From the developer perspective, you wouldn't know that the H100 is across a network. The experience will be as if your computer is directly attached to an H100. The benefit here is that if you're not actively using the H100 (such as when you're setting up the instance or after the training job completes) you are not paying for the H100.
Okay, a mock H100 object would also save me money. I could pretend a 3090 is an A100. “The experience would be that a 3090 is an A100.” Apples to oranges comparison? It’s using a GPU attached to the machine versus a GPU that crosses a VPC boundary. Do you see what I am saying?
I would never run a training job on a GPU virtualized over TCP connection. I would never run a training job that requires 80GB of VRAM on a 24GB VRAM device.
Whom is this for? Who needs to save kopecks on a single GPU who needs H100s?
I develop GPU accelerated web apps in an EC2 instance with a remote VSCode session. A lot of the time I’m just doing web dev and don’t need a GPU. I can save thousands per month by switching to this.
Well, for the time being I'm really just burning AWS credits. But you're right! I do however like that my dev machine is the exact same instance type in the same AWS region as my production instances.
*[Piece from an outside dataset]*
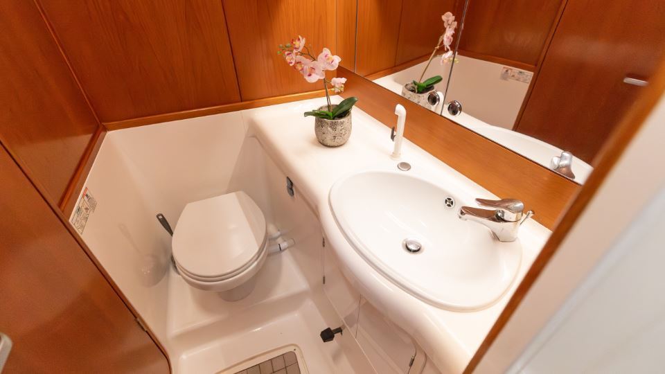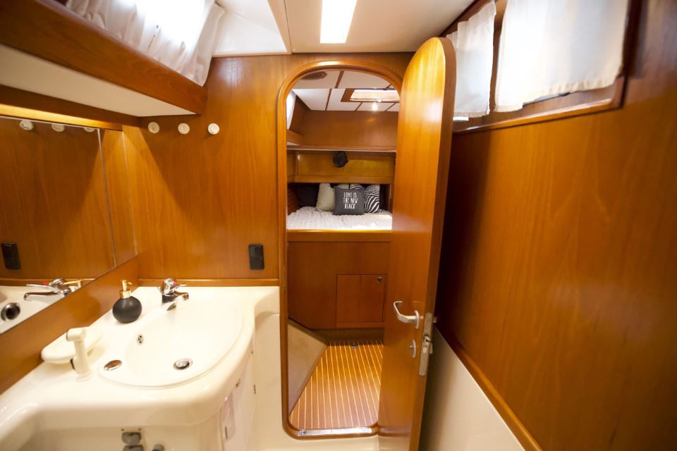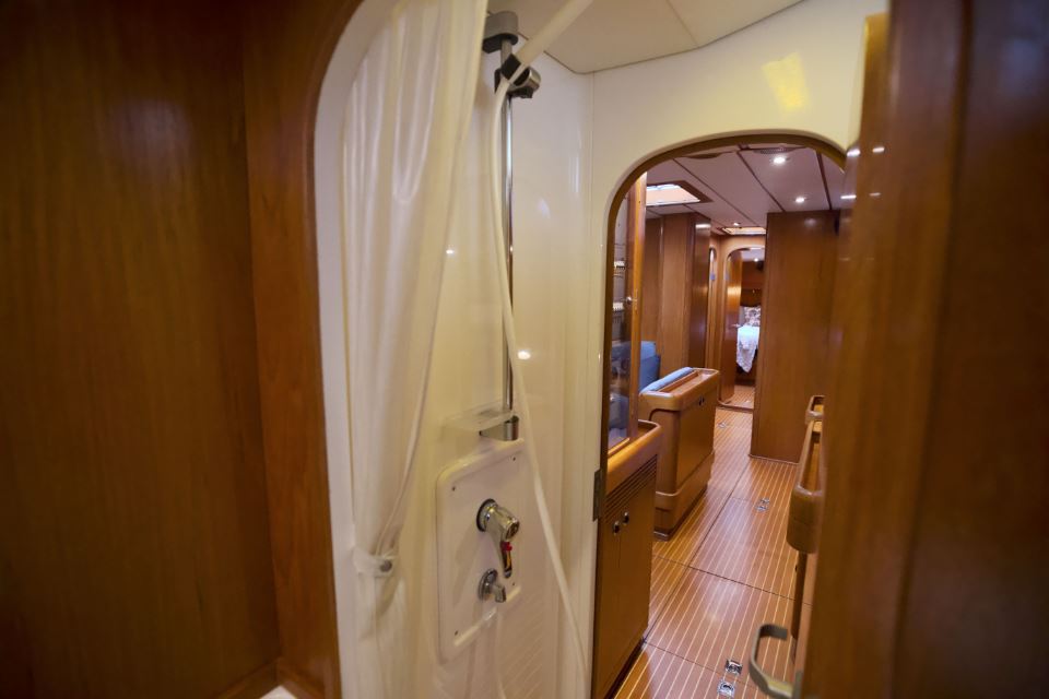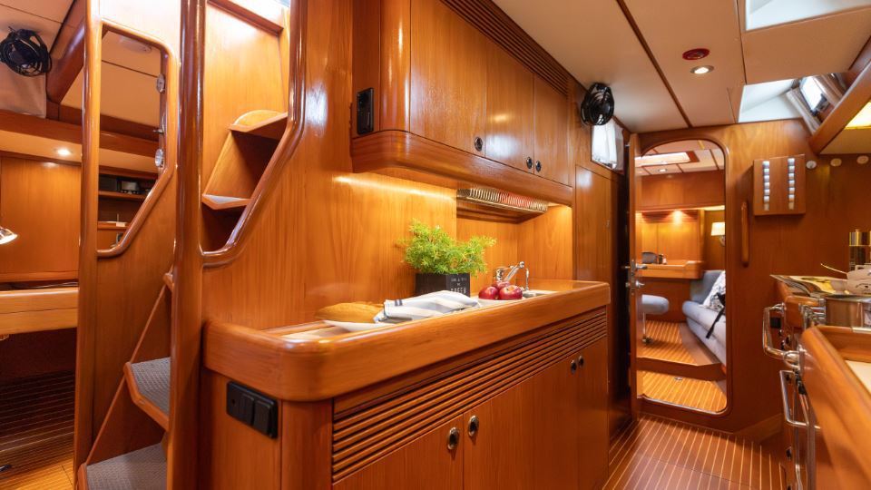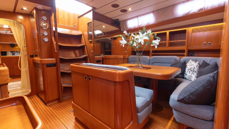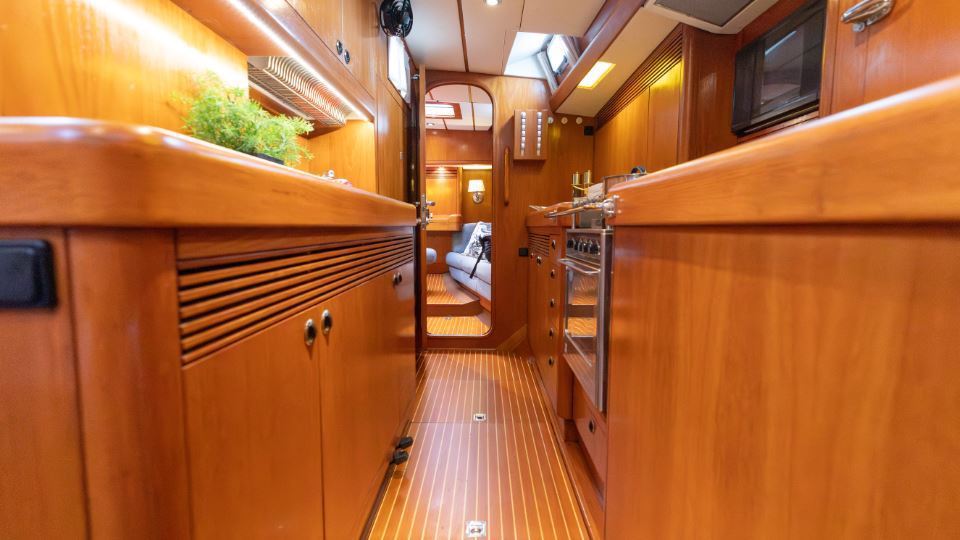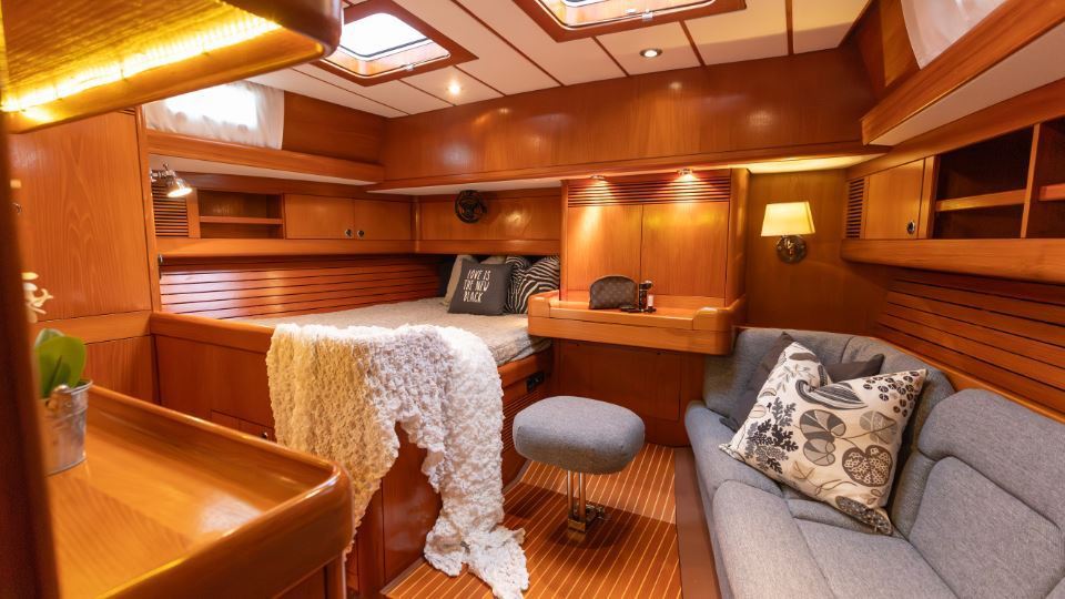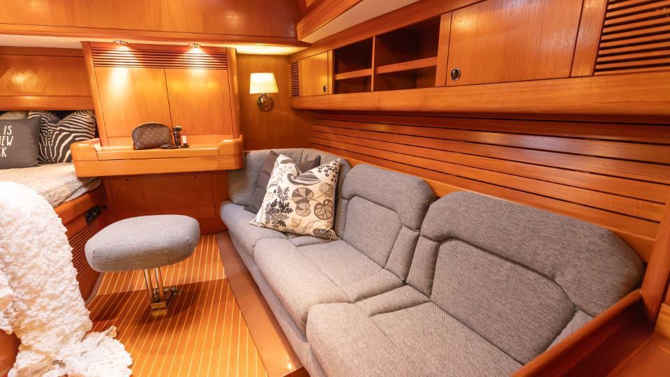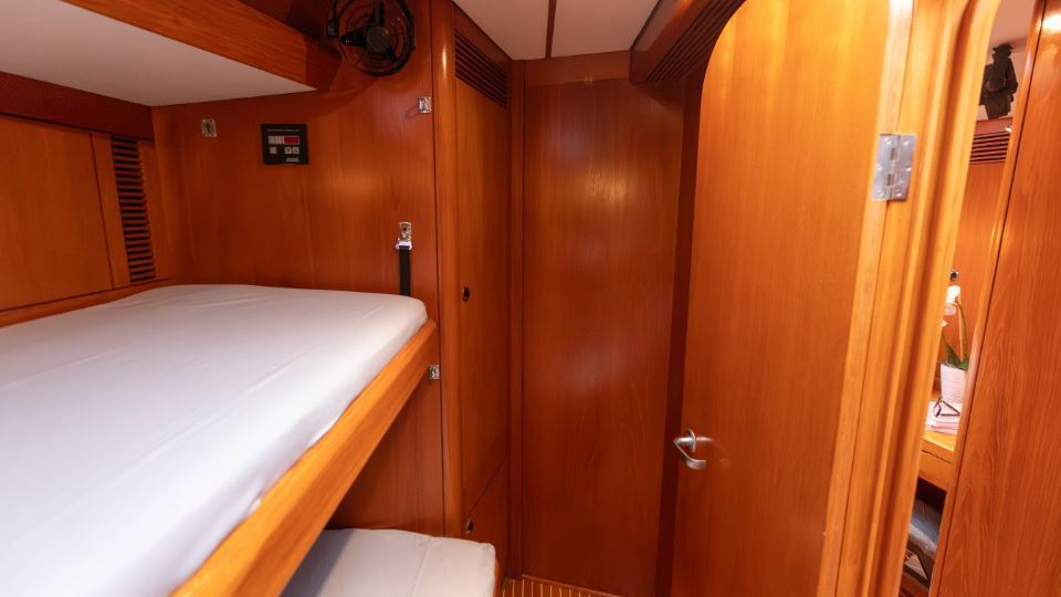 The interior is arranged in the three cabin, two heads Family Cruiser layout. The aft owner’s cabin is well suited for use at sea, with an offset double berth to starboard. Forward is a VIP double cabin, complemented by a guest bunk cabin amidships. Two large heads compartments with separate shower cubicles serve the accommodation, with the aft heads accessible directly from the saloon, creating a practical day heads arrangement. The interior is finished in teak with hand rubbed satin varnish and was refreshed in 2024 with extensive re varnishing and interior joinery work.

If I built an equivalent machine it would have different performance characteristics. Often times the AWS VMs have weird behavior that I would otherwise be caught off guard with when deploying to the cloud for the first time.
Essentially yes! Just to be clear, this covers the entire GPU not just the NVAPI (i.e. all of cuda). This functions like you have the physical card directly plugged into the machine.
Right now we don't support vulkan or opengl since we're mostly focusing on AI workloads, however we plan to support these in the future (especially if there is interest!)